Ford agrees that this is an important safety issue, and we have taken steps to address it. We also believe that continued research is needed to better understand the complex interactions involved in this issue, and we are participating in that research.

Some entities have recommended a total ban on the use of cell phones – both hand-held and hands-free – while driving, citing studies that concluded there’s no difference in driver behavior whether using hand-held or hands-free phones. In many of those laboratory studies, participants in simulated driving situations were observed while being asked to engage in in-depth conversations on challenging or emotional subjects, such as the latest political scandal or a near-death experience. Such intense and lengthy discussions can indeed be distracting.

Naturalistic driving studies – in which study participants’ driving performance, “eye glance behavior,” driving environment and in-vehicle activities are observed and recorded over weeks or months in real-world situations – have revealed different results. For example, naturalistic studies by the University of Michigan Transportation Research Institute found that, when immersed in real traffic conditions, drivers using cell phones by and large exhibit prudent driving behavior.

Naturalistic driving research has found that visual distraction, not cognitive distraction, is the main safety concern in the real world. In fact, researchers from the Virginia Tech Transportation Institute (VTTI) found that 80 percent of all crashes, and 65 percent of all near-crashes, involved the driver looking away from the forward roadway just prior to the onset of the incident.

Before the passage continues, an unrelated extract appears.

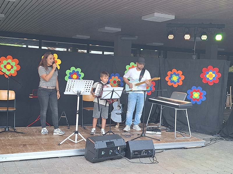 Ihrem Aufruf folgten vier Gruppen, die alle ihre Wurzeln an der MKS haben. Jüngstes Bühnentalent war Samu Zeller aus der Klasse 3b, der mit einem Akkordeon, seinem Papa an der E-Gitarre und seiner Mama am Gesang zwei fetzige Songs performte und tosenden Applaus hierfür bekam. Ihr Bühnenname "Die drei lustigen Vier" war Programm.

These researchers summarized their findings in this way: “... it is a rare case that a crash occurs while the driver’s eyes are on the forward roadway, regardless of any other ‘cognitive demand’ that they might be engaged in.”

Beyond this, there exists a considerable body of published research that indicates the superiority of hands-free voice interfaces as compared to hand-held or visual/manual interfaces for the same tasks of command or data entry. These studies show advantages in driver performance, eye glance behavior toward the roadway, and object and event detection when the driver can keep eyes on the road and hands on the wheel.

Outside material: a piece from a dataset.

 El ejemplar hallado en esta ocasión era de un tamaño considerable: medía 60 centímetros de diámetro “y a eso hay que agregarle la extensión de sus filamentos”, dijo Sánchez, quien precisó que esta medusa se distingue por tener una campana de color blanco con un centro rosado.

For over a decade, Ford has been focused on the issue of driver distraction, and we’ve taken steps to enhance driving safety for those who use cell phones and other telematics devices while driving.


Ford SYNC®

Ford’s SYNC® technology, our voice-activated in-car connectivity system, has been shown to significantly enhance the ability of drivers to attend to the driving task while using cell phones and music players. Ford researchers found that SYNC substantially reduces drivers’ eyes-off-road time and improves lane-keeping, speed maintenance, and object and event detection response times, when compared to hand-held devices for the same tasks. Our research evaluated driver performance, not driver behavior in the real world, and our findings are consistent with the research conducted by VTTI, which we believe indicates that SYNC helps to enhance highway safety overall.

Ford recognizes that drivers will in fact use cell phones and music players while driving, and that text messaging will continue to increase in popularity. Text messaging is a particular concern, as it requires significant time looking away from the roadway to do it. Ford’s SYNC system addresses this concern as well: when a text message arrives, it does not display that message but instead reads it aloud through text-to-speech technology. In addition, SYNC allows the driver to potentially respond via speech-to-text rather than manually keying-in a reply.

We believe that ongoing education is needed to help drivers understand the importance of focusing on the driving task and keeping their hands on the wheel and eyes on the road. Ford plans to continue to work with the government and other safety-related groups to discuss measures that can effectively reduce driver distraction and improve driving safety. We also plan to participate in continued research that can further our understanding of safe driving and help spread the message of safe driving.